Con su tercera película, el realizador Santiago Mitre corrobora que, si el mundo no es cínico, al menos sí su mirada. Con El estudiante, el cineasta nacido en Buenos Aires delineaba un mundo de pasillos universitarios (de educación pública) y prácticas facinerosas. Mejor saber cómo desenvolverse en un ámbito semejante antes que agarrar un libro: lección que hábilmente aprendía Roque (Esteban Lamothe). Luego, en La patota, los resquicios de la ley apuntaban a sus contradicciones, dedicadas a situar en un contexto de moral maleable al personaje de Paulina (Dolores Fonzi), víctima de una violación. El mundo (humano), parece decir el cine de Mitre, es esencialmente mezquino, hipócrita. Nadie persigue fines éticos, y más vale darse cuenta.
En este sentido, un capítulo más escribe el director con La cordillera, a partir de la figura del presidente argentino Hernán Blanco (Ricardo Darín), durante una cumbre de mandatarios latinoamericanos en Chile. Y lo hace junto a una hija de psiquis inestable (Dolores Fonzi), a quien mejor custodiar, tener cerca, tal el pedido presidencial.
Es a partir de este cruce cómo se construye el guión, alternando entre las tareas del ejecutivo ‑protocolos, discusiones a puerta cerrada, la imagen pública, tretas y tomas de decisión‑ y Marina, una hija a punto de explotar. En verdad, hay un ardid que el film utiliza como McGuffin: el ex‑esposo de Marina amenaza con descubrir lo que sería un escándalo. De allí la necesidad de tener a la hija en el contingente, pero sin saber de modo claro qué es lo que sucedió, cuál sería el escándalo, ni cómo ha sido la relación entre ella y su marido así como con su padre.
Se ha señalado el cariz sobrenatural que La cordillera adopta. Es cierto, y lo hace de manera sutil, a partir de una práctica de hipnosis que recuerda a la del señor Valdemar: una vez dentro del relato sonámbulo de Marina, las fronteras entre lo cierto y la fantasía serán relativas. De tal modo, el film de Mitre se abisma en esta alteración y pone en duda la veracidad de los dichos, vertidos sobre hechos indudables: hubo un fuego, literal, que contrasta en su calor con la nieve cordillerana; la imagen de un caballo servirá de vínculo sígnico entre estos dos elementos. El relato comienza, así, a extrañarse, pero sin abandonar la anécdota principal: la cumbre continúa en su debate, entre tomas de postura que amenazan el privilegio de unos en beneficio de otros.

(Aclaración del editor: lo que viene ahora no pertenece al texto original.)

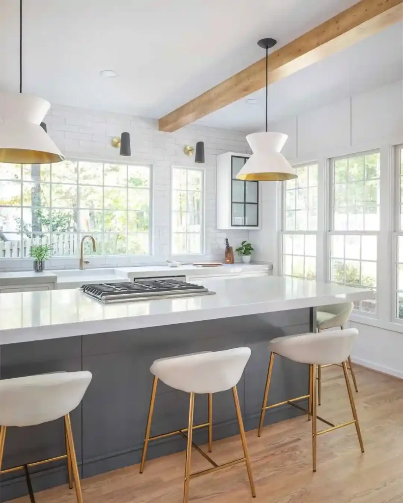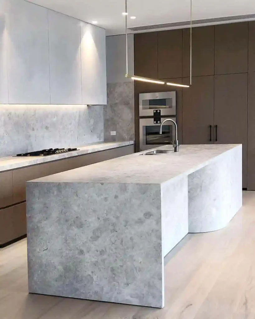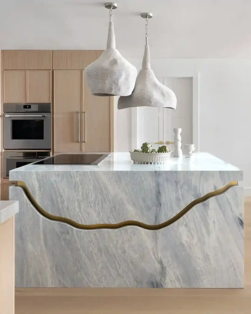 Here’s a bold take on white kitchen island design—this marble waterfall island is anything but ordinary. The soft, cloudy stone is made dramatic with a wavy brass inlay that creates an artistic focal point. Paired with sculptural white pendant lights, it feels high-end and gallery-like.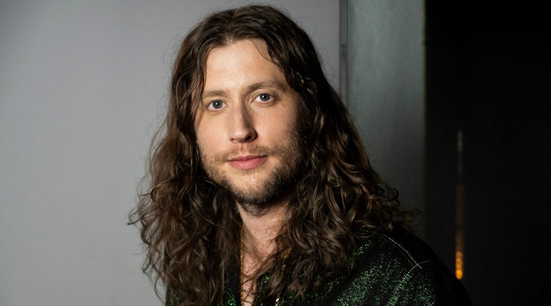 Ludwig Göransson är klädd i en rostbrun kostym och har någon sorts fyrkantigt formade svarta skor på fötterna. Det långa håret hänger ner över axlarna.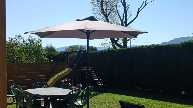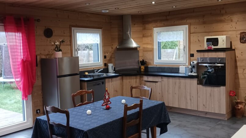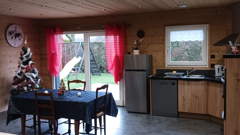 Aux portes des Hautes Vosges, chalet spacieux neuf totalement indépendant de 95 m² de plain-pied ( accès aux personnes à mobilité réduite), exposition plein sud (classé 4 étoiles en meublé de tourisme) et disposant d’un abri .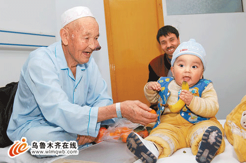 老人說,自己是阿克蘇烏什縣的農民,身份證上顯示95歲,實際上自己今年已經103歲了。他共有12個子女,其中有9個已經辭世,最小的兒子今年36歲,現在共有11個孫子孫女,最小的孫子目前不滿1歲。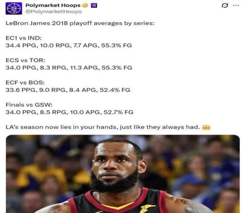 美媒Polymarket Hoops曬出18年“滅霸詹”數(shù)據(jù)配文道:“湖人的命運掌控在你的手中,正如往常一樣?!?/p>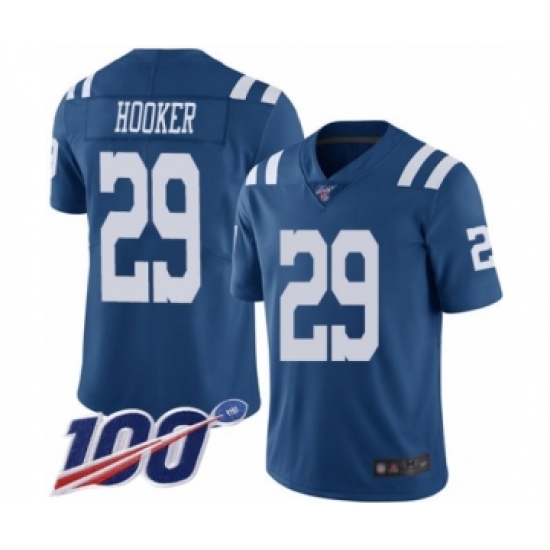 >Men's Indianapolis Colts #29 Malik Hooker Limited Royal Blue Rush Vapor Untouchable 100th Season Football Jersey

Sin hacerlo nunca de modo explícito, La cordillera igualmente logra tocar capítulos de raigambre ineludible. No puede no pensarse en el Mercosur, así como en la endiablada relación de Latinoamérica con Estados Unidos. Ahora bien, en el primer caso, y de acuerdo con el devenir del relato, se sentencia una futilidad organizada: sea cual sea el resultado de la votación (un acuerdo regional de cara a la explotación petrolera), el ganador será siempre el mismo. Allí, entonces, la maldad. Que apela a una caricatura adrede, de titiritero entre sombras (rol a cargo de Christian Slater): Estados Unidos es el diablo imperialista, el zorro de los sueños de infancia que acosaba a Blanco. Como si fuese un pacto secreto, que este presidente trae consigo, ese zorro parece dictaminar el derrotero del mandatario. Si Marina habla de modo ¿incoherente? durante la hipnosis, otro tanto sucede en el relato onírico que Blanco hace a la periodista española (Elena Anaya). Durante esta conversación, el mal y el bien surgen como conceptos. Es por esto que el rostro herido de Marina recuerda al de Linda Blair en El exorcista.

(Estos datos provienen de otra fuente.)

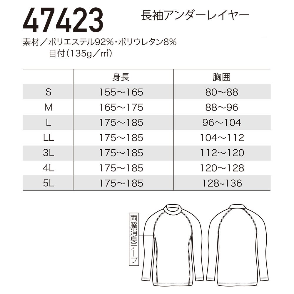 インナー 長袖 長袖アンダーレイヤー 47423 夏用 涼しい クール ストレッチ 消臭 接触冷感 動きやすい 冷たい アウトドア スポーツ コスパが良い 信頼性 猛暑 酷暑 熱中症対策 日焼け止め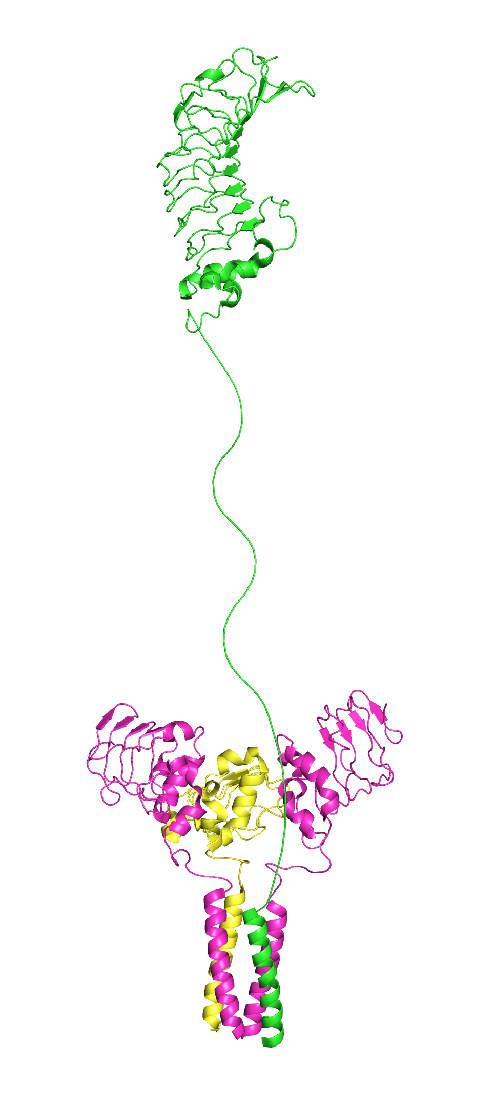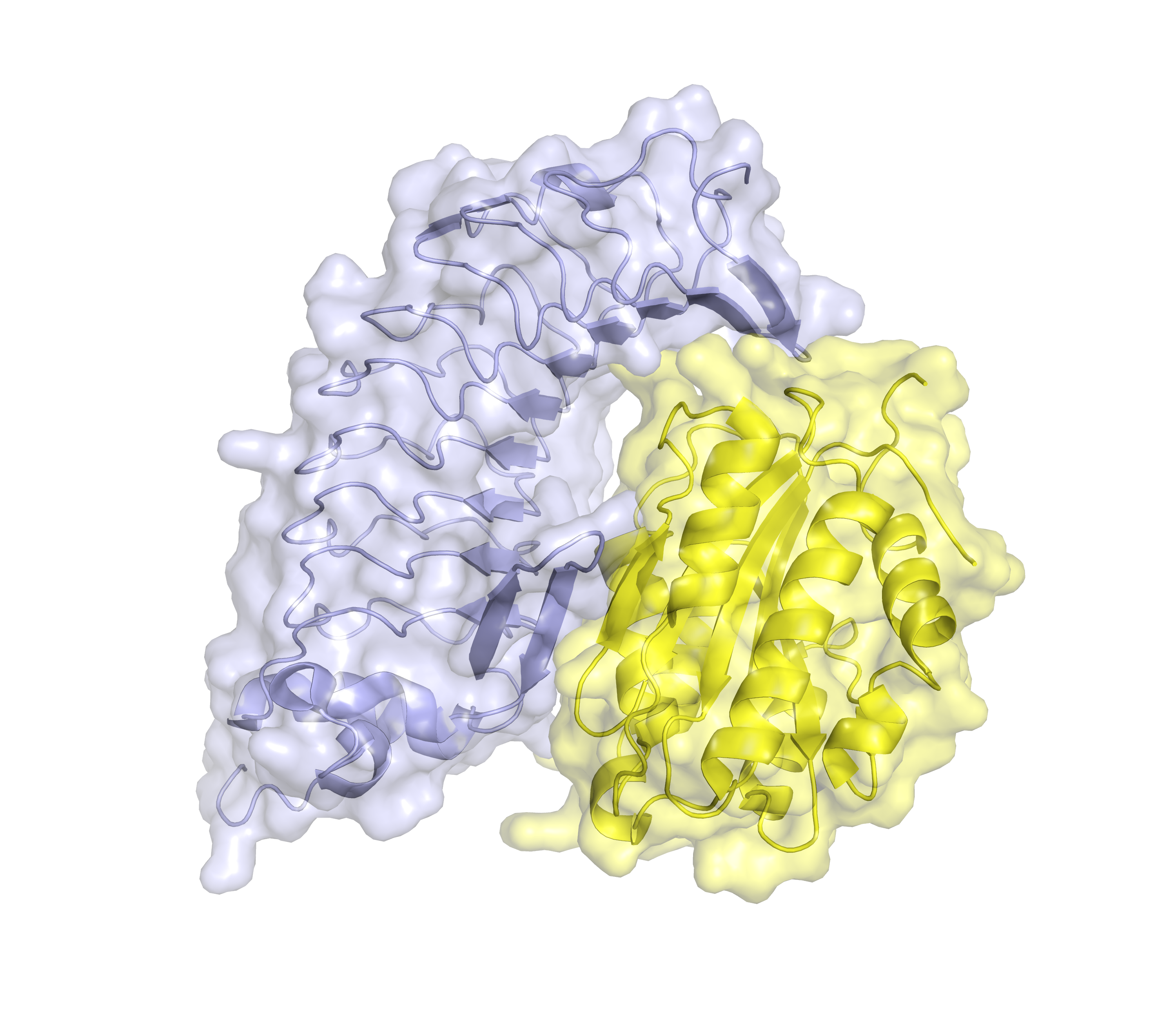 vWF와 GP1b 알파의 상호 작용. 혈소판 표면의 GP1b 수용체는 혈소판이 혈관 손상 시 노출되는 vWF에 결합하도록 한다. vWF A1 도메인(노란색)은 GP1ba(파란색)의 세포외 도메인과 상호 작용한다.

Si bien este proceder sitúa al film en un límite difuso, no por ello deja de accionar de manera evidente sobre lo que retrata, como la banalización de cierta terminología política (el "imperialismo" ha quedado en desuso, si se lo invoca es por rédito político) mientras cubre con un mismo manto de hipocresía a todos los personajes. Al hacerlo, La cordillera pone entre comillas cualquier logro y a cualquier grupo o dirigencia política. No lo hace desde una mirada "maquiavélica" ‑filosófica‑ sino a partir de una relativización general que devieneen caricatura o fantasía. Al hacerlo, logra también percudir la herramientavital que es la misma política; como si todo se tratase, al fin y al cabo, de una alucinación.